= Bobby Gerould =

American sports multimedia personality

Bobby Gerould is an American sports multimedia personality. Gerould was most visible as a pit reporter for World of Outlaws sprint car races telecast on CBS Sports Network, ESPN, Speed, and TNN. Bobby was the public address announcer at Thunderbowl Raceway in Tulare, California from 1997 through 2022. Gerould's voice is featured on the video game, Ratbag World of Outlaws Sprint Cars. In his career, Bobby has been employed in some capacity by nearly every major sanctioning body of American auto-racing, including AMA, ASA, CART, Indycar, King of the West, NARC, NASCAR, National Sprint Tour, NHRA, SCCA, TORC, USAC, and the World of Outlaws.
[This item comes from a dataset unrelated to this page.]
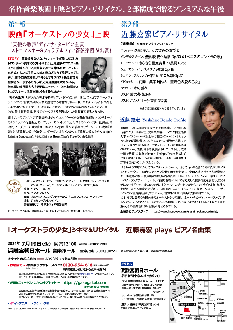 名作音楽映画の上映と、ピアニスト近藤嘉宏によるリサイタルの2部構成で贈るプレミアムイベント!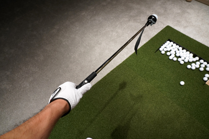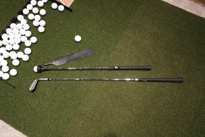 54도 웨지와 비교해본 모습. 훨씬 짧은 길이로 실내에서 연습하기에도 큰 부담이 없다.

Gerould's "life-study" and passion is basketball player evaluation. Gerould owns HoopObsession.com. He is frequently a guest on sports-talk radio, and television, leaned on for his knowledge of the NBA (specifically the NBA Draft). Gerould spent two seasons working full-time for the Sacramento Kings as a radio host, and TV sideline reporter. Bobby is the son of Gary Gerould, the "voice" of the Sacramento Kings for over 38 years.
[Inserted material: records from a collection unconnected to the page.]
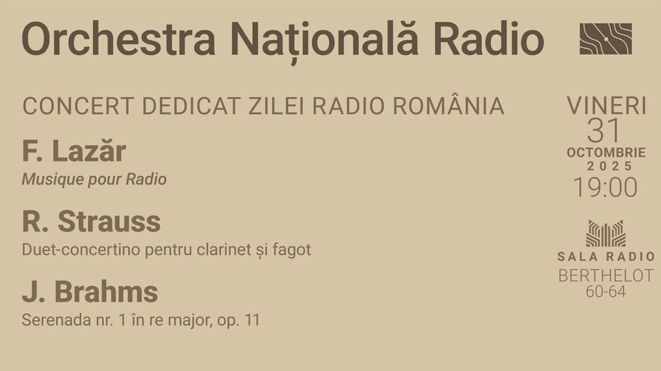 Sub bagheta dirijorului Cristian Oroșanu, Orchestra Națională Radio prezintă concertul aniversar devenit o tradiție a instituției. Veți asculta la Sala Radio Richard Strauss: Duet-concertino pentru clarinet și fagot (soliști: Adrian Duminică - clarinet și Ionuț Roșca - fagot) și Brahms: Serenada nr. 1. Evenimentul va aduce în atenția publicului și lucrarea Musique pour Radio, care va deschide programul serii, semnată de compozitorul român Filip Lazăr (1894, Craiova - 1936, Paris).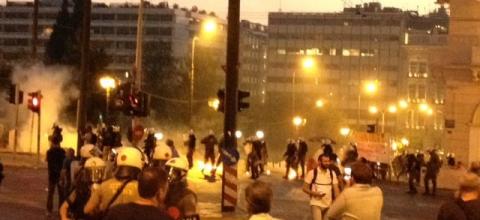 Ελλάδα Κουκουλοφόροι εκτοξεύουν βόμβες μολότοφ, ξύλα, πέτρες και καπνογόνα εναντίον των αστυνομικών.(φωτο)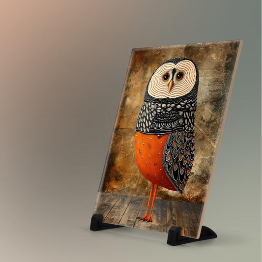 Whimsical Owl Folk Art Ceramic Tile - Unique Nature Lovers Decor - Minimalist 8x10" Wall Hanging for Gift Giving - Artisan Home Wall Tiles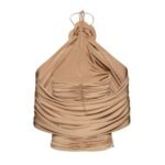 In summary, Magda Butrym’s jersey halterneck tube top combines classic elements with contemporary details to create a versatile and stylish piece. With ruching, a floral appliqué, and a unique wrap effect for an off-the-shoulder look, this top offers a blend of elegance and modernity, making it a must-have addition to any fashion-forward wardrobe.

The multi-faceted Gerould is also a DJ and emcee who hosts the live-streamed, Soulful and Funky Show.

==Early years==
Gerould grew up in Sacramento, California. He attended his first basketball game at just a few weeks old. Gerould's father Gary worked as a sportscaster for the local NBC affiliate. This led father and son to attend Sac State games regularly. Bobby 'grew up' in the local Northern California sports scene. He watched the races his father announced every weekend at dirt race tracks. Through observation and from constantly being in a sporting environment, Bobby began carving out ideas for his media career.

==Sacramento State University==
With proximity to home being a major consideration, Gerould decided to attend Sacramento State University. In 1986 Bobby had little desire to become a television announcer. Instead Gerould focused on doing public address interviews at sprint car races, while working side gigs as a DJ for house parties, wedding receptions, and special events. All the while, Gerould was taking classes in his major communication studies, and keeping statistics for the Hornet's Men's Basketball team under Coach Joey Anders.
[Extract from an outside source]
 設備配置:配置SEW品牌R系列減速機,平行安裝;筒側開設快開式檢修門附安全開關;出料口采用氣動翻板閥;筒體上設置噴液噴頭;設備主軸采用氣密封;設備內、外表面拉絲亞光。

==Professional media career==

- Gerould has been the voice of the Louie Vermeil classic sprint and midget car race since the inaugural event.
- 1993-95 Sacramento Kings Broadcast Team. Pre-Game radio host. In-arena video host. TV sideline reporter. Post Game radio host. Public Address Announcer.
- 1995 Knoxville Nationals (First ever LIVE broadcast of Knoxville Nationals - TNN - TV Pit reporter.
- 1998 ProTruck Racing Series - TNN - TV Pit reporter.
- 1998 - IRL at Charlotte - TNN - TV Pit Reporter
- 1999-2000 NHRA Drag Racing - TNN - TV Pit reporter.
- 2002 - Voice on Ratbag World of Outlaws Sprint Cars video game.
- 2003 World of Outlaws - TV Pit Reporter - Speed.
- 2004-06 United States Auto Club (USAC) Western Media Coordinator.
- 2007 World of Outlaws - TV Play by Play - ESPN2
- 2007-10 World of Outlaws - TV Play by Play - Speed
- 2011–2012 World of Outlaws pit reporter - Speed
- 2013 - - Speed (Fox Sports)
- 2013–2017: Reporter, World of Outlaws on CBS Sports Network.
- 2018: Inducted into Calistoga Speedway Hall of Fame.